EXERCISE AIM:
Pictures are to be left out, and only the lines below starting at the one with "Bakı Dövlət Universitetinin" and ending at the one with "Катер обладает всеми" are to be reproduced, each exactly, both ends included.

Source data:
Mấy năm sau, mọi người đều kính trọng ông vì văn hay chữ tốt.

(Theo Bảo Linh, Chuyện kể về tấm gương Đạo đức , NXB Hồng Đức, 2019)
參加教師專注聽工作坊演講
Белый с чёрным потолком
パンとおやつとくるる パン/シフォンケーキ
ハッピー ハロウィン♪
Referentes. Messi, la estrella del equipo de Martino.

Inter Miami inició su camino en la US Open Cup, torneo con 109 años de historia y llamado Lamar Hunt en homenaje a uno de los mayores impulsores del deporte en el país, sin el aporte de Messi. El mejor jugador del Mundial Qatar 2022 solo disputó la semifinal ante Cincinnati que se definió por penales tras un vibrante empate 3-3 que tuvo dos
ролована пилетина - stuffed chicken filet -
* * *
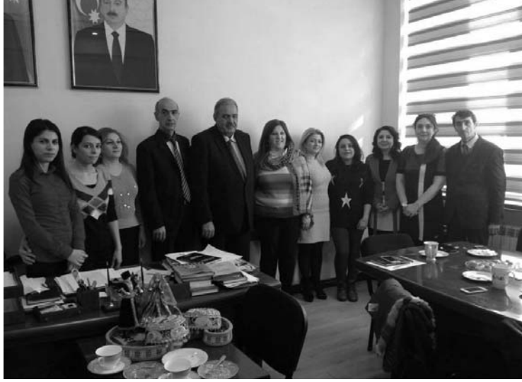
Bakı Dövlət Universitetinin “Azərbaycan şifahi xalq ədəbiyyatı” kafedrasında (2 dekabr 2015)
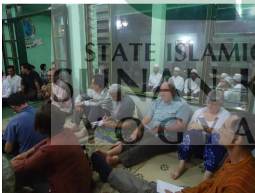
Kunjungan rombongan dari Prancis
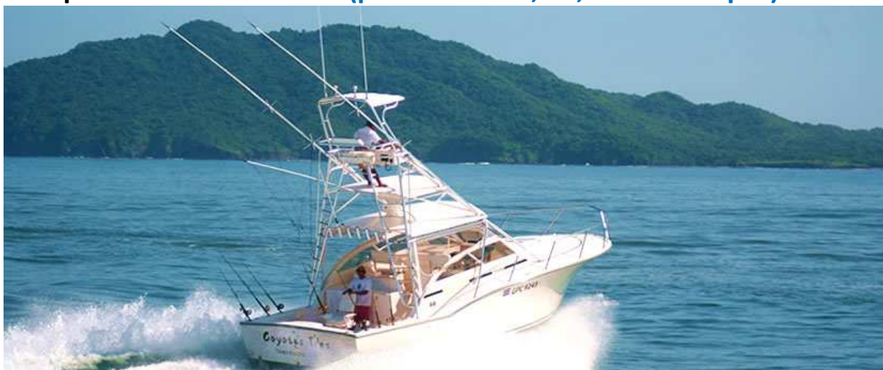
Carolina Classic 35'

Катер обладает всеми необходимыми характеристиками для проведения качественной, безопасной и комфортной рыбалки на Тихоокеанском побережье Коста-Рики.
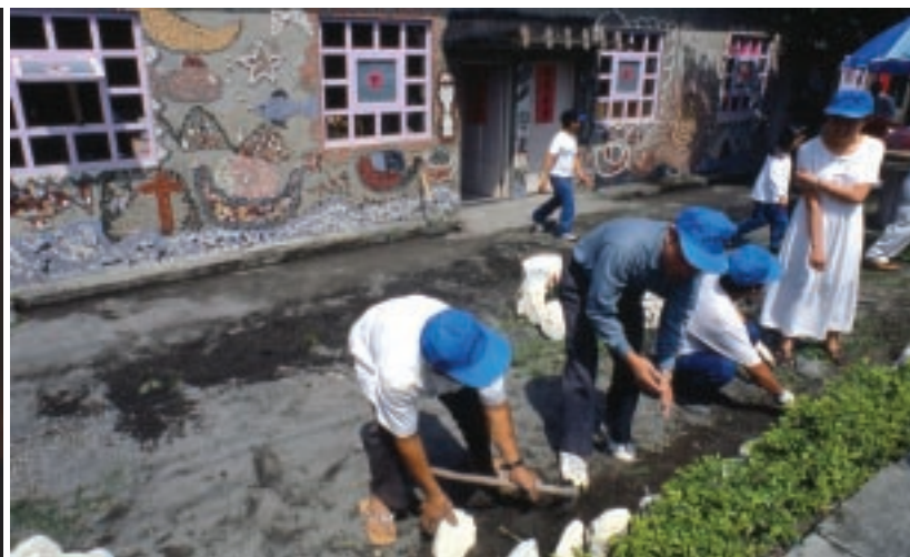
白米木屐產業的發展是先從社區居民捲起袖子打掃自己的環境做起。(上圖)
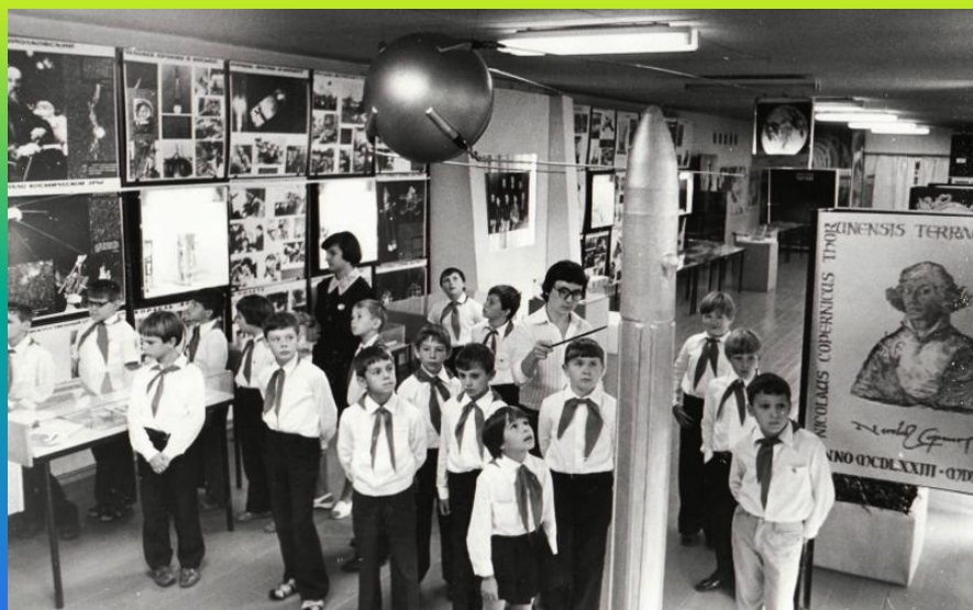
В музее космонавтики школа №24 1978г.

RESPONSE BOX:
Bakı Dövlət Universitetinin “Azərbaycan şifahi xalq ədəbiyyatı” kafedrasında (2 dekabr 2015)
Kunjungan rombongan dari Prancis
Carolina Classic 35'

Катер обладает всеми необходимыми характеристиками для проведения качественной, безопасной и комфортной рыбалки на Тихоокеанском побережье Коста-Рики.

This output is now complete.